Network Monitoring
This area focuses on network monitoring of the campus network. General requirements and framework conditions for monitoring is given. Netflow/IPFIX analysis is covered. Security monitoring, anomaly detection and behaviour analysis are also dealt with. Particular considerations for IPv6 monitoring are given. References to a number of open source tools are given, many of which are developed within the GÉANT community.


	Anonymity in Campus Networks This document focuses on the anonymity of campus networks. The negative aspects of anonymity for a university's reputation are discussed. The challenges of solving security incidents are dealt with. The main problem with anonymity occurs when an offender leaves footprints on the Internet that lead back to the university. This document provides recommendations for how to set up anonymity in the campus network from both a technical and legislative point of view.
	Framework Conditions and Requirements for Network Monitoring This recommendation defines the requirements and framework conditions for network monitoring in campus networks. Fault management, accounting management and performance management are covered. An approach using a toolkit of task-specific monitoring tools is recommended. A centralised alarm system should also be considered. The need for a robust monitoring system is emphasised, whose location requires careful consideration. The system itself should be monitored, and its level of redundancy should be evaluated. In addition, security must be a high priority for any monitoring system.
	Network Monitoring and Management Recommendations The purpose of this document is to provide an insight into basic NMS (Network Management System) activities, along with recommendations for administrators of campus and/or local networks intending to apply the NMS tools within their networks.
	Monitoring Tools for Network Services and Systems In this document, a complete overview of network services monitoring is given. Planning monitoring and different monitoring techniques, as well as their pros and cons are described. A thorough review of monitoring tools, ranging from self-written scripts to commercial products, is given.
	Network Monitoring Based on IP Data Flows Detailed network monitoring is becoming even more important, as the amount of illegal activities increases each year. Flow monitoring appears to be a robust and promising method, which makes automated search and classification of network incidents possible. The network administrator can gain an overview of which IP addresses and services use the most bandwidth. Network scans and any attack systems incidents can be detected.
	Network Security Monitoring and Behaviour Analysis The purpose of this document is to provide an insight into network security monitoring and behaviour analysis for administrators of campus network and computer security incident response team members. The document describes flow-based network security monitoring systems and how to deploy them in a campus network. The process of NetFlow generation, collection and anomaly detection are detailed.
	Recommendations for Network Traffic Analysis using the NetFlow Protocol The purpose of this document is to provide users with detailed information regarding proper configuration of the NetFlow protocol in a campus environment. Situations where devices do not support the NetFlow protocol are presented, and alternate solutions provided. Basic methods of NetFlow statistical analysis are also covered.
	Experiences with IDS and Honeypots There are a number of ways to secure networks and network devices. A defence-in-depth approach is recommended, which will set up a defence perimeter at many levels. This can be complemented by deploying intrusion detection systems (IDS). The document summarises the experiences CESNET has in the field of intrusion detection and prevention.
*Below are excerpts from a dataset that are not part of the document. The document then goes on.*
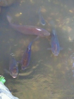細い道ですが枯葉舞う静かな小道です。水がきれいで鯉などがたくさん泳いでいます。
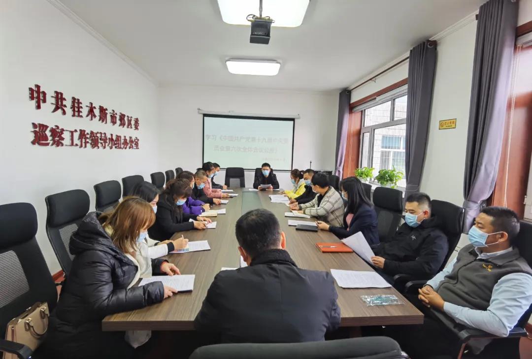11月15日下午,区委巡察办党支部党员大会,专题学习中国共产党第十九届中央委员会第六次全体会议公报。党支部书记王兆中主持会议并领学。
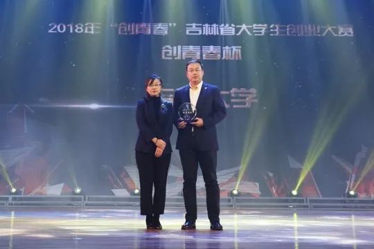 beat365唯一官方网站党委书记张炬和副校长李春义为在2018年“创青春”吉林省大学生创业大赛中获得“优胜杯”的21个学校颁发了奖杯。
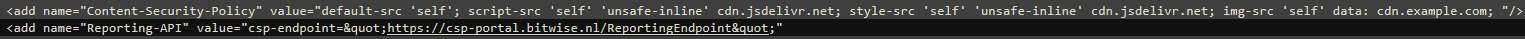 <add name="Reporting-Endpoints" value="csp-endpoint="https://csp-portal.bitwise.nl/ReportingEndpoint"" />
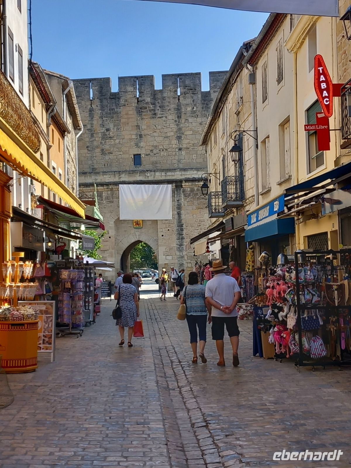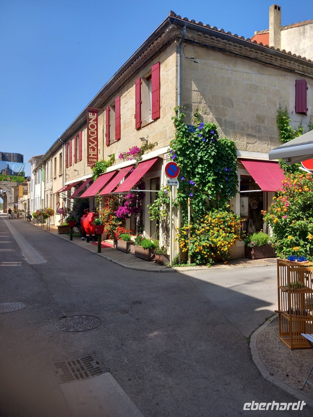 Von Arles aus direkt nach Aigues Mortes. Noch war es nicht ganz so heiß, so dass einige die vollständig erhaltene Stadtmauer erklimmen konnten, von wo aus man die rosa schimmernden anliegenden Salzfelder gut überschauen kann. Andere nutzten die Zeit für einen ausgiebigen Bummel durch die Gassen und waren durchaus erfolgreich beim Shoppen.
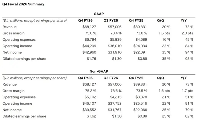 C114讯 2月26日消息 当地时间2月25日美股盘后,英伟达发布了截至2月25日的2026财年第四财季财报,期内实现营收681.27亿美元,同比增长73%,高于市场预期的658亿美元;美国通用会计准则(GAAP)下净利润429.60亿美元,同比增长94%;Non-GAAP下每股摊薄收益为1.62美元,同比增长82%,超出市场预期的1.53美元。
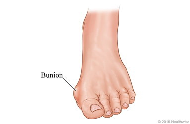 A bunion (hallux valgus) is an enlargement of bone or tissue around the joint at the base of the big toe (metatarsophalangeal joint). This results in a bump on the outside edge of this toe. The skin may be red or irritated, and there may be swelling at the base of the big toe. The big toe may point toward the other toes.
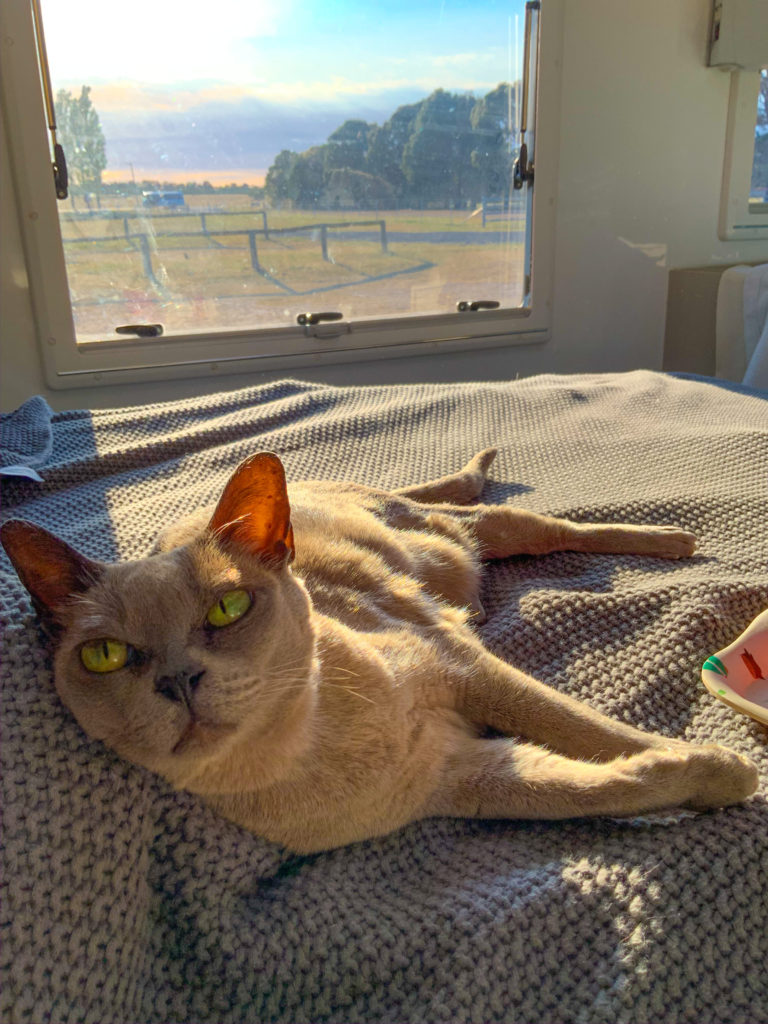 We headed inland to Braidwood and stayed there for the night at the showground, sheltering from the fierce wind and dust storms. It was cosy though in the van and it was lovely to spend the evening with Tassie all snuggled up with us.
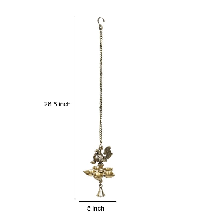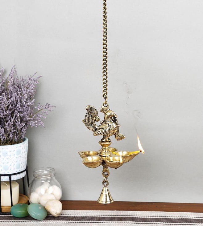 Fill your home with the rays of peace and joy by using this bird pancham diya with bell. It is crafted from brass which is considered to be a sacred metal and traditionally used in home decoration. It can also be a great gifting option on Diwali, Dhanteras and many more religious occasions. Disclaimer: All other items in the image are only for display purposes and will not be a part of the delivery content.
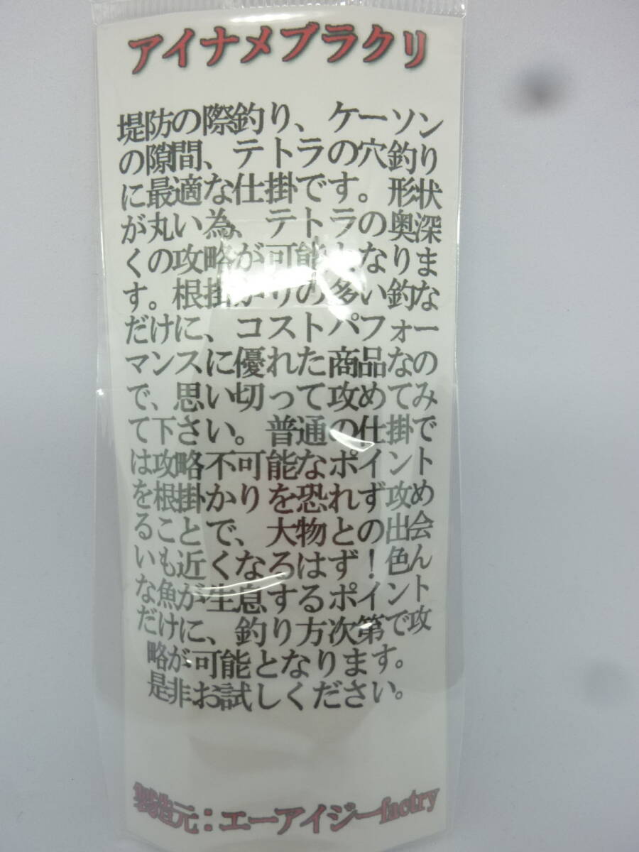 ◆テトラや、堤防の際を釣るのに最適で良く釣れる、丸型のブラクリになります。特にテトラでは、転がりながら海底に届きやすく、効果を発揮します。根掛かりの多い釣だけに、コストパフォーマンスに優れたこの商品を、是非ご利用下さい。限定販売に付き、無くなり次第終了と致します。お早めにお求め下さい。
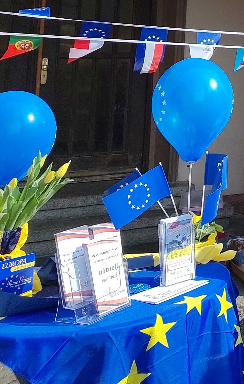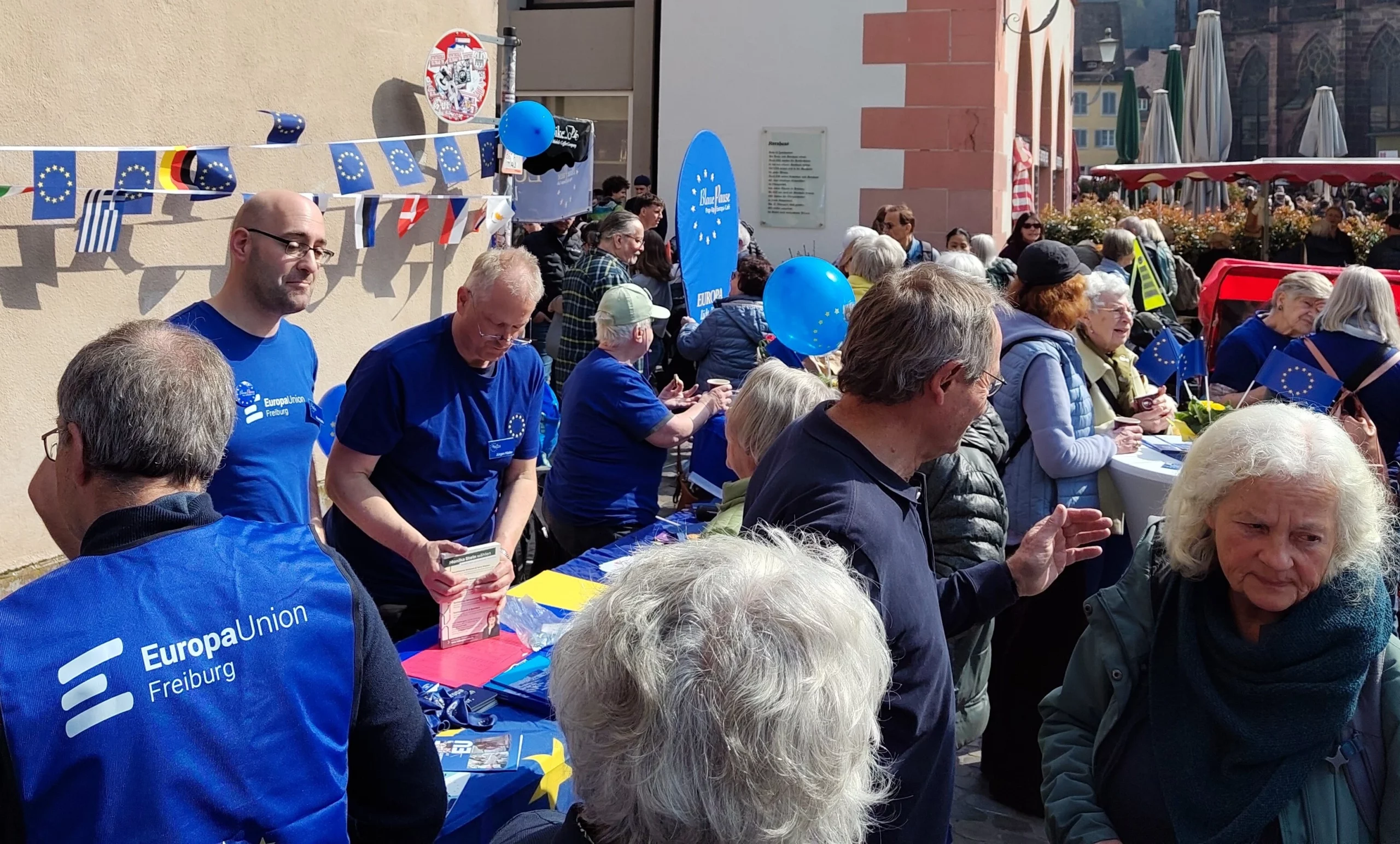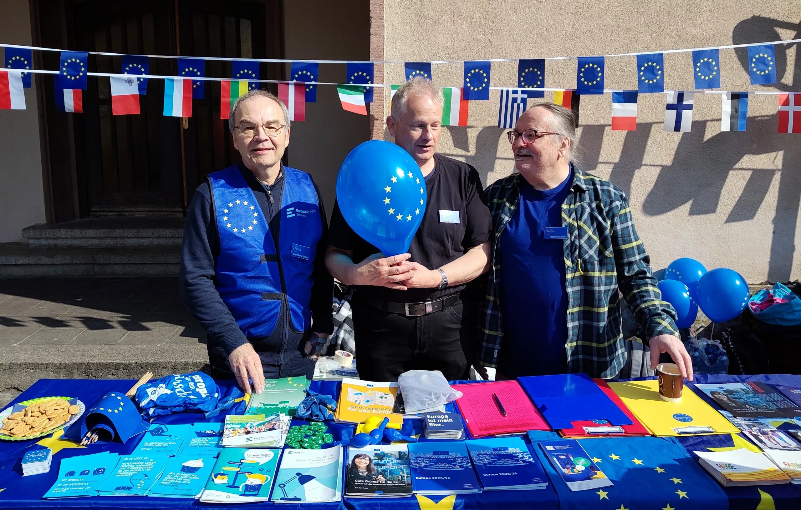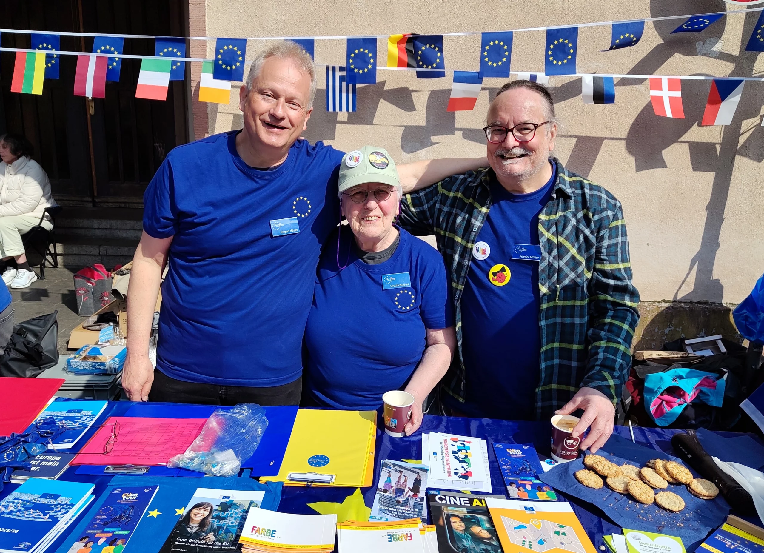 Unsere Stände kurz nach Abschluss der Aufbauarbeiten, von der Conrad-Gröber-Straße aus fotografiert.
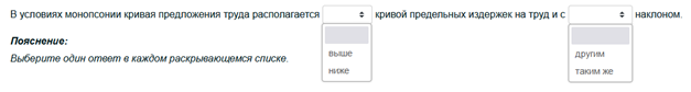 В условиях монопсонии кривая предложения труда располагается ниже кривой предельных издержек на труд и с положительным наклоном.
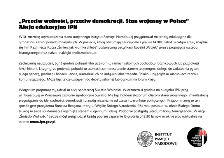 „Przeciw wolności, przeciw demokracji. Stan wojenny w Polsce” Akcja edukacyjna IPN W 31. rocznicę wprowadzenia stanu wojennego Instytut Pamięci Narodowej przygotował materiały edukacyjne dla gimnazjów i szkół ponadgimnazjalnych. W pakiecie, który otrzymają nauczyciele z prawie 14 000 szkół w całym kraju, znajdzie się film Kazimierza Kutza „Śmierć jak kromka chleba” poświęcony pacyfikacji kopalni „Wujek” wraz z propozycją wstępu historycznego oraz plakat i naklejki okolicznościowe. Zachęcamy nauczycieli, by 13 grudnia pokazali film uczniom w ramach szkolnych obchodów rocznicowych lub przy okazji lekcji historii. Liczymy, że projekcja pobudzi w uczniach zainteresowanie stanem wojennym, zachęci do zadawania pytań o jego genezę, przebieg i konsekwencje, uwrażliwi ich na indywidualne tragedie Polaków żyjących w warunkach reżimu komunistycznego. Może być także wstępem do debaty szkolnej lub dyskusji na forum klasy. Wszystkim proponujemy udział w akcji społecznej Światło Wolności. Wieczorem 11 grudnia na budynku IPN przy ul. Towarowej w Warszawie zapłonie symboliczne Światło. Ma być hołdem złożonym ofiarom stanu wojennego i manifestacją przywiązania do idei wolności, demokracji i prawdy niezależnie od czasu i warunków politycznych. Przypominamy w ten sposób gest prezydenta Ronalda Reagana, który w Wigilię Bożego Narodzenia 1981 roku postawił w oknie Białego Domu świecę w akcie solidarności z ogarniętą stanem wojennym Polską. Podobnie postąpiły wtedy miliony Amerykanów. W akcji „Światło Wolności” będzie mógł wziąć udział każdy poprzez zapalenie 13 grudnia o 19.30 lampki w oknie albo wirtualnie na stronie www.ipn.gov.pl.

	Practical IPv6 Monitoring on Campus The IPv6 protocol creates new challenges for network administrators. Unlike IPv4, an IPv6 address no longer uniquely identifies a user or PC, because an IPv6 address can be randomly generated and keeps changing. Computers with an IPv6 stack can also communicate via predefined tunnels over the IPv4 infrastructure. This tunnelled traffic usually bypasses network security implemented in firewalls. This document discusses the major monitoring issues of IPv6. A practical solution for the monitoring of both IPv4 and IPv6 traffic is proposed. The solution is based on SNMP and NetFlow data, and provides ways of identifying user traffic.
	Organizing a Network Operations Centre on Campus This document discusses Network Operation Centres from the perspective of Funet member organisations relative to the Funet NOC. The document includes a brief description of what a Network Operation Centre is and presents models on how to organize a NOC. The document also discusses commonly used tools that are essential to NOC operations and how to use them. Network monitoring tools are not included in the scope of this document.
	Monitoring of RADIUS Infrastructure This document describes the implementation of the system used for monitoring a complex server authentication hierarchy based on the RADIUS protocol. The solution presented herein has been developed within the eduroam® service of the Academic Network of Republic of Serbia (AMRES). The eduroam® authentication infrastructure requires a suitable monitoring system, which enables testing the functionalities of all the RADIUS servers this service comprises. The monitoring system has been designed to provide a sufficiently detailed insight into the state of the RADIUS infrastructure, while not infringing upon user privacy as required under the eduroam® policy.